En resumen, la exigencia de protección es la contrapartida necesaria a la aceptación de la obediencia a la ley y el consentimiento a los impuestos. ¿Para qué pagar impuestos si también tengo que instalar puertas blindadas, alarmas antirrobo y asegurarme de que voy vestido adecuadamente cuando salgo para no provocar a los matones? Normalmente, una buena educación es también un componente esencial de la protección que todos buscamos. Una educación que proviene en primer lugar de los padres: ellos son los primeros educadores. Los niños tienen derecho a ser bien educados. Y el deber de obedecer a sus padres... deben aprender a respetar a los adultos y a los demás niños, a no considerar al maestro como un títere, etc.

 

Si aplicamos el principio paulino «el que no trabaja no come», la pereza no es un derecho. Pero todos aquellos a quienes la edad o la enfermedad no impiden trabajar deben poder ganarse honradamente la vida trabajando. Por lo tanto, el poder soberano tiene el deber de garantizar el derecho al trabajo, de permitir que todos trabajen y de aplicar el lema de la Internacional, « el ocioso encontrará alojamiento en otra parte». Dado que la ociosidad es la madre de todos los vicios, éste es un elemento importante de una política destinada a garantizar la seguridad de todos y la protección del orden público.

 

Conciliar lo ideal y lo real

 

Puesto que no vivimos en un mundo ideal, en el Jardín del Edén anterior al pecado, debemos intentar conciliar lo ideal y lo real.
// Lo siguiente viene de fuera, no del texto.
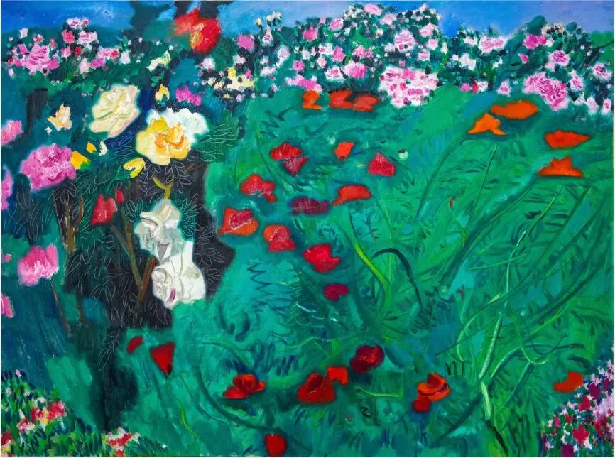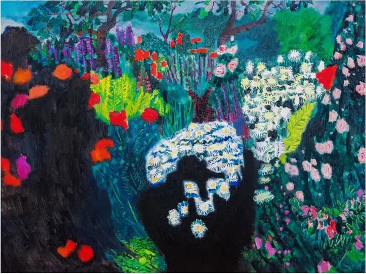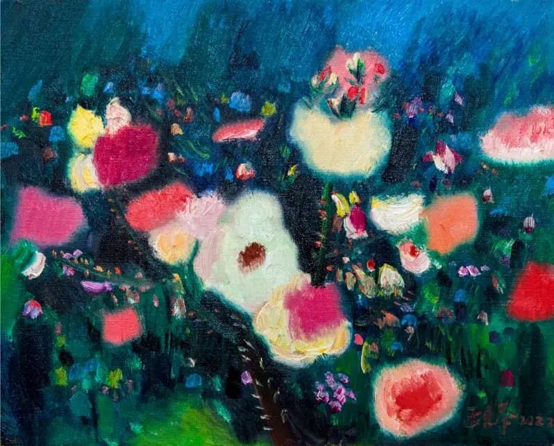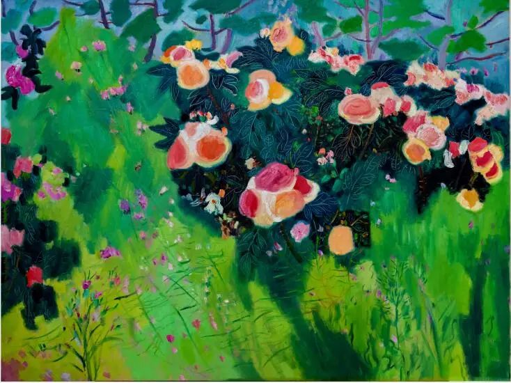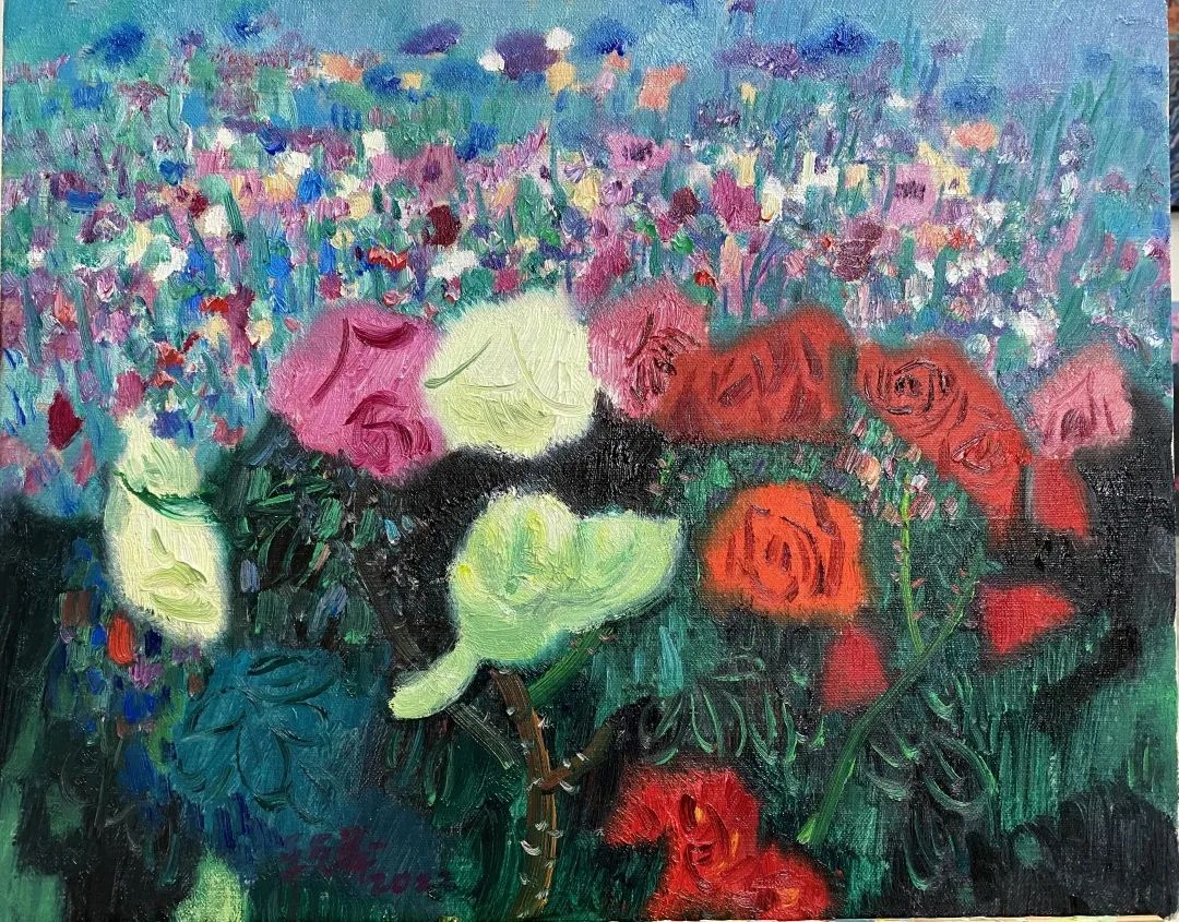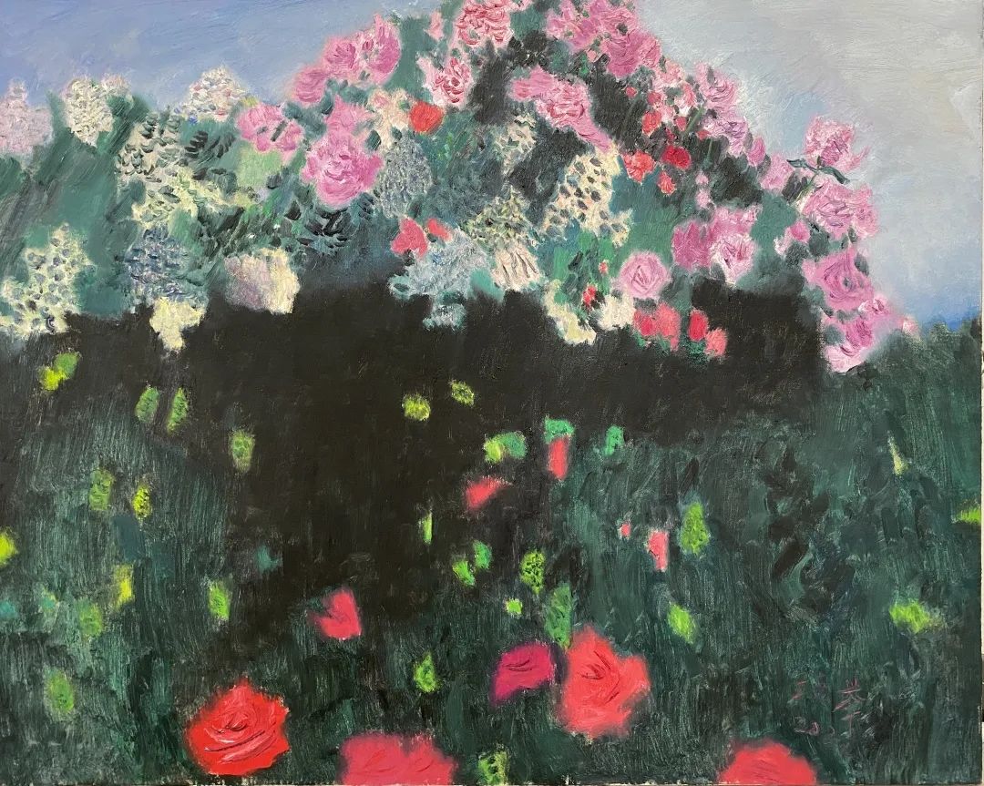 “百花园里看花来”,这标题本身就充满诗意,仿佛邀请我们一同走进这色彩斑斓的世界。120×160厘米的画布上,百花争艳,却不显杂乱。每一朵花都有其独特的姿态,在阳光下舒展着,仿佛能感受到它们蓬勃的生命力。那浓烈的色彩,并非简单的堆砌,而是经过艺术家巧妙的调和,呈现出一种和谐的美感,让人感受到自然界生生不息的活力。

Existe una contradicción que debemos intentar conciliar o superar. El soberano debe ser absoluto: si no lo es, todo el mundo se siente autorizado a obedecer sólo su propia «ley», es decir, su capricho, y los pavos de la farsa son los que no defraudan o roban o utilizan todos los trucos del libro para eludir la ley. Pero si el soberano es absoluto, como la soberanía la ejercen los individuos, pronto se toman a sí mismos por amos y se convierten en pastores cuyo objetivo es devorar a su ganado. Por lo tanto, ¡el soberano debe ser absoluto y no ser absoluto! La república, tal como la concibieron los filósofos republicanos, intenta resolver esta contradicción haciendo que nuestra libertad individual esté protegida y reforzada por el poder de pertenecer a una comunidad política.